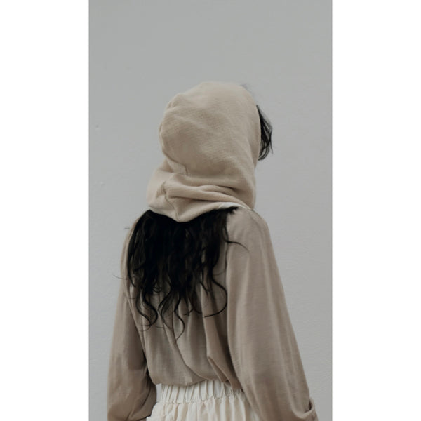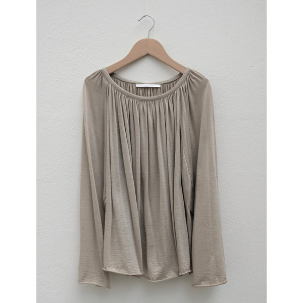 A loose, feminine top in a very fine, fluid wool jersey. Features a gathered scoop neckline, raglan sleeves, and naturally rolled edges.
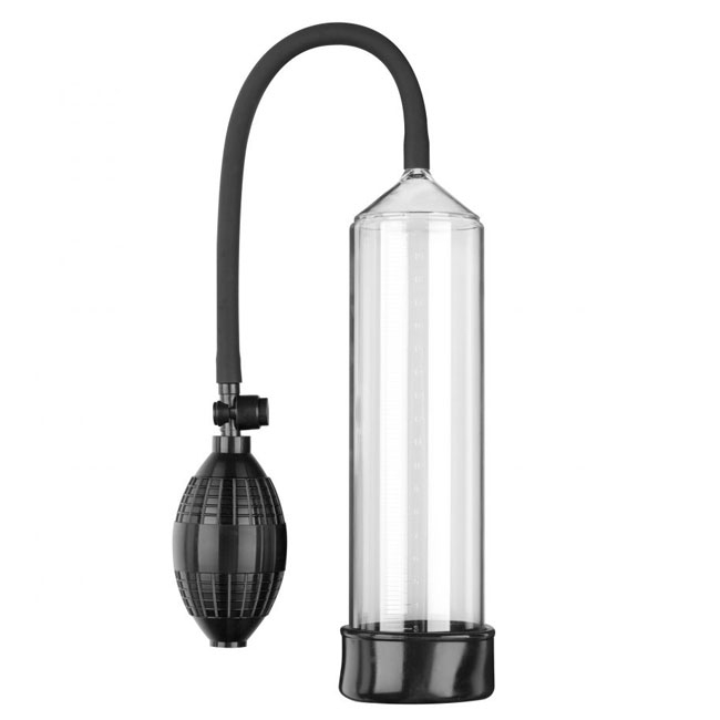 Эрекционная помпа для создания крепкой эрекции путем откачки воздуха из колбы с помощью груши. Для стравливания лишнего давления на груше есть клапан, срабатывающий при нажатии кнопки. Более высокую эффективность достигает совместно со специальными средствами для увеличения члена
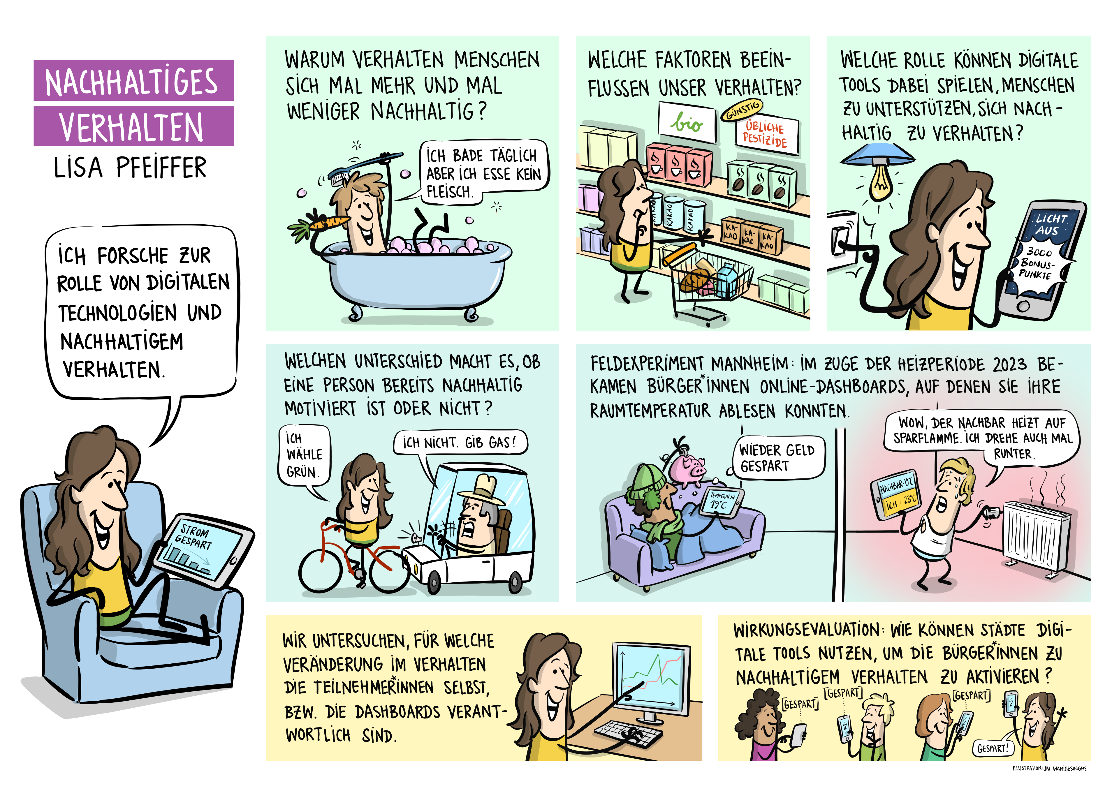 Lisa Pfeiffer ist Doktorandin an der Professur für BWL, insb. Nachhaltiges Wirtschaften der Universität Hamburg. Ihre Forschungsinteressen liegen in der Förderung nachhaltigen Verhaltens mithilfe von digitalen Technologien. Dabei interessiert sie sich vor allem für soziale und umweltbedingte Einflussmechanismen. Ihre Forschung wurde auf Konferenzen wie der International Association of Business and Society sowie dem Business & Society Seminar präsentiert. Sie ist Projektmanagerin für soziale Wirkungsmessung des Projektes sMArt roots, einem Kooperationsprojekt mit der Stadt Mannheim. Im Rahmen des Projektes werden insbesondere zielgruppenspezifische Ansätze zur Wirkungsmessung kommunaler Digitalisierungs- und Nachhaltigkeitsprojekte entwickelt und umgesetzt. Lisa hat einen Master in Psychologie (M.Sc.) der Universität Mannheim und einen Bachelor in Psychologie (B.Sc.) der Universität Kassel.

**WHAT TO DO**
Do not include the images; transcribe the rest of the listing exactly.

**YOUR RESPONSE**
 A loose, feminine top in a very fine, fluid wool jersey. Features a gathered scoop neckline, raglan sleeves, and naturally rolled edges.
 Эрекционная помпа для создания крепкой эрекции путем откачки воздуха из колбы с помощью груши. Для стравливания лишнего давления на груше есть клапан, срабатывающий при нажатии кнопки. Более высокую эффективность достигает совместно со специальными средствами для увеличения члена
 Lisa Pfeiffer ist Doktorandin an der Professur für BWL, insb. Nachhaltiges Wirtschaften der Universität Hamburg. Ihre Forschungsinteressen liegen in der Förderung nachhaltigen Verhaltens mithilfe von digitalen Technologien. Dabei interessiert sie sich vor allem für soziale und umweltbedingte Einflussmechanismen. Ihre Forschung wurde auf Konferenzen wie der International Association of Business and Society sowie dem Business & Society Seminar präsentiert. Sie ist Projektmanagerin für soziale Wirkungsmessung des Projektes sMArt roots, einem Kooperationsprojekt mit der Stadt Mannheim. Im Rahmen des Projektes werden insbesondere zielgruppenspezifische Ansätze zur Wirkungsmessung kommunaler Digitalisierungs- und Nachhaltigkeitsprojekte entwickelt und umgesetzt. Lisa hat einen Master in Psychologie (M.Sc.) der Universität Mannheim und einen Bachelor in Psychologie (B.Sc.) der Universität Kassel.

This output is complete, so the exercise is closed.